Notes on Seeing
To look and not see: an old problem. It usually means a lack of understanding, an inability to divine the meaning of something in the world around us.
Cognitive scientists have repeatedly conducted the following experiment and, without fail, they come up with same results. An audience is asked to watch a film of two teams playing basketball. They are given a job to count the number of times the ball changes hands. I have done this, and one has to be very attentive to follow the motion of the ball. In the middle of the game, a man wearing a gorilla suit walks onto the court, turns to the camera, thumps his chest and leaves. Half the people do not see the great ape. They do not believe that he was actually there until the film is replayed and, indeed, a gorilla strolls in and out of the game. Nearly everyone sees the gorilla if he is not given the assignment. This has been named inattentional blindness.
Writing at my desk now, I see the screen but this sentence dominates my attention. In fact, my momentary awareness that there is much around the words distracts me: the blue screen of the computer beyond the white edge of the page; various icons above and below; the surface of my desk cluttered with small Post-it squares which, when I turn my head, I can read, “Habermas 254-55”, “Meany et. al, implications for andrenocortical responses to stress” scrawled on pink paper (residue of arcane research); a black stapler; and countless other objects that enter my awareness the moment I turn to them. What is crucial is that I don’t turn to them. For hours every day, I have little, if any, consciousness of them. I live in a circumscribed phenomenal world. An internal narrator speaks words and dictates to my fingers that type automatically. There is no need to think about the connection between head and hands. I am subsumed by the link. Were another object suddenly to materialize on my desk and then vanish, I might well have no knowledge of either its appearance or disappearance.

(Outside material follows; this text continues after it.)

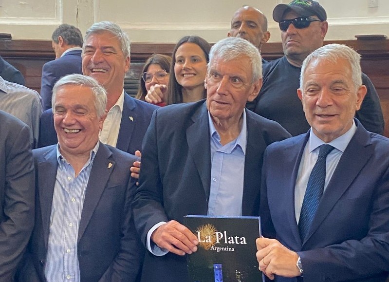 Rodeado de afectos, Le Moal se acercó el miércoles para recibir la mención honorífica que otorga el Concejo Deliberante platense y se encontró con la sorpresa de que el propio intendente platense, Julio Alak, se hizo presente expresamente para acompañarlo en este merecido homenaje.

Once, in an unfamiliar hallway, I mistook myself for a stranger because I did not understand I was looking in a mirror. My own form took me by surprise because I was not oriented in space. Expectation is powerful.
There are days when I think I see an old friend in the street, but it is a stranger. The recognition ignites like a match and then is instantly extinguished when I understand I am wrong. The recognition is felt, not thought. I can’t trace what created the error, can’t tell you why one person reminded me of another. Was the old friend a subliminal presence in my mind on that particular day or was the confusion purely external—a jut of the chin or slope of the shoulders or rhythm of a walk?
We do not become anesthetized to horrible photographs of death or suffering. We may choose to avoid them. When I see a gruesome image in the newspaper in the morning, I sometimes turn away, registering in seconds that looking too long will hurt me. People who gorge on horror films and violent thrillers do it, not because they have learned to feel too little, but because they indulge in the limbic rush that floods their systems as they safely witness exploding bodies. It seems that these viewers are mostly men.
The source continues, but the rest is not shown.